Screenshot Johanna Bär, BEL, pesticides in the air


Organic sector unfairly bears the high costs

Stephan Paulke, Managing Director of the organic manufacturer EgeSun, addressed the high costs that are incurred not only by all taxpayers but also by organic farms. At EgeSun alone, he put the costs for residue tests at over 200,000 euros per year. According to Paulke, it is not acceptable that the burden of proof in the case of contamination lies solely with organic farms, as has been the case up to now. "The pesticide industry must urgently pay for the damage caused to organic farmers," he demanded, because the right of coexistence for organic farms was not guaranteed due to the long-distance transport of pesticides through the air.

Martin Häusling, agricultural policy spokesman of the Greens in the European Parliament and member of the Environment Committee, who has been campaigning for an agricultural turnaround for years, emphasised: "40% of pesticide use is completely senseless. The use of pesticides must be the exception and not the rule." The drastic reduction of pesticides is an urgent necessity, he said. With regard to the authorisation procedure, Häusling stated: "We are far away from an authorisation procedure that is safe enough to be relied on."

Organic sector's Alliance for Grandchildren-Friendly Agriculture "Ackergifte? No thanks"


Pesticide reduction regulation proposal postponed

European Commission representative Andrew Owen-Griffiths said of the new Sustainable Use of Pesticides Regulation under the Farm to Fork Strategy: "We are not going to water down the regulation. The proposal for the regulation is fixed and there will be no more changes." Owen-Griffiths dismissed accusations that the publication of the regulation had been postponed due to pressure from the agricultural lobby. The postponement would only have to do with prioritisation due to the Ukraine war. The publication could probably be expected on 22 June, but in any case before the parliamentary summer recess.


Appeal to politics and industry

Johanna Bär states in her closing remarks: "Our study provides the basis for change.
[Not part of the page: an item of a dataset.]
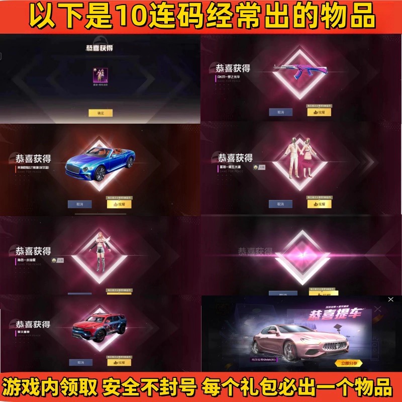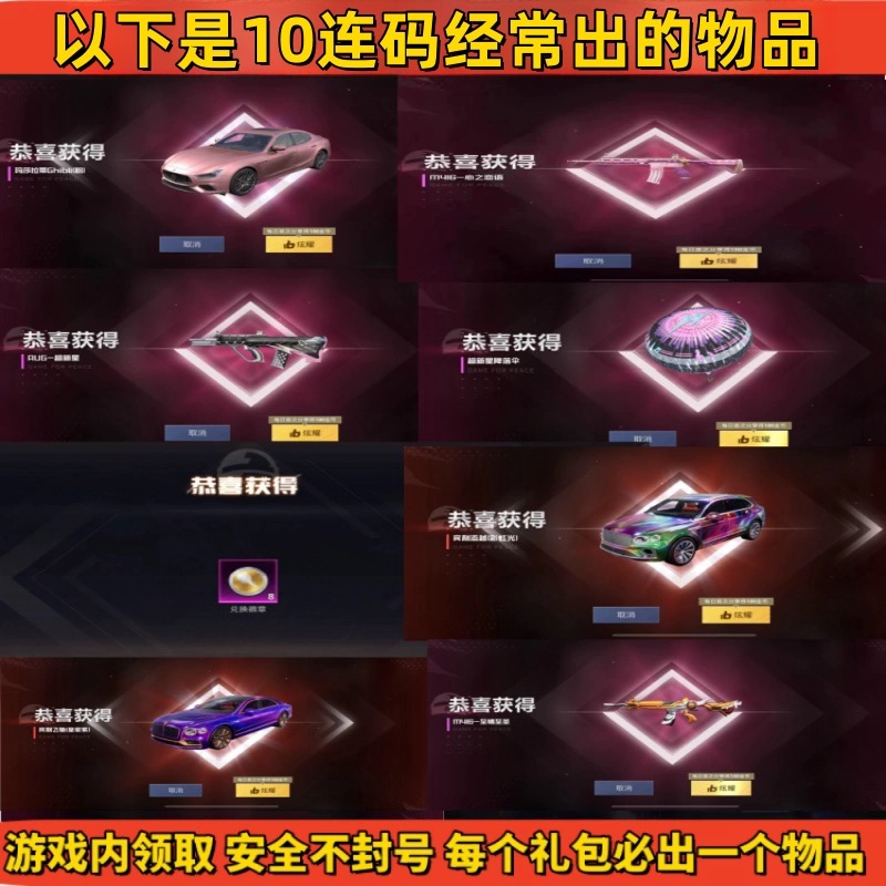 和平精英手游兑/换码车币玛莎拉蒂螳螂火箭少女宝马通用车皮/肤...¥243.00

The issue of phasing out pesticides must finally become part of everyday social and political life. We hope that the EU Commission will make the right decisions and not water down the goals of the Farm-to-Fork Strategy." In addition to politicians, BEL board member Johannes Heimrath also appeals to the industry:

"Just turn their paradigm around. Move away from the battle metaphor to the care metaphor, i.e. from pathogenesis to salutogenesis. Find things that nourish and protect instead of things that kill and destroy."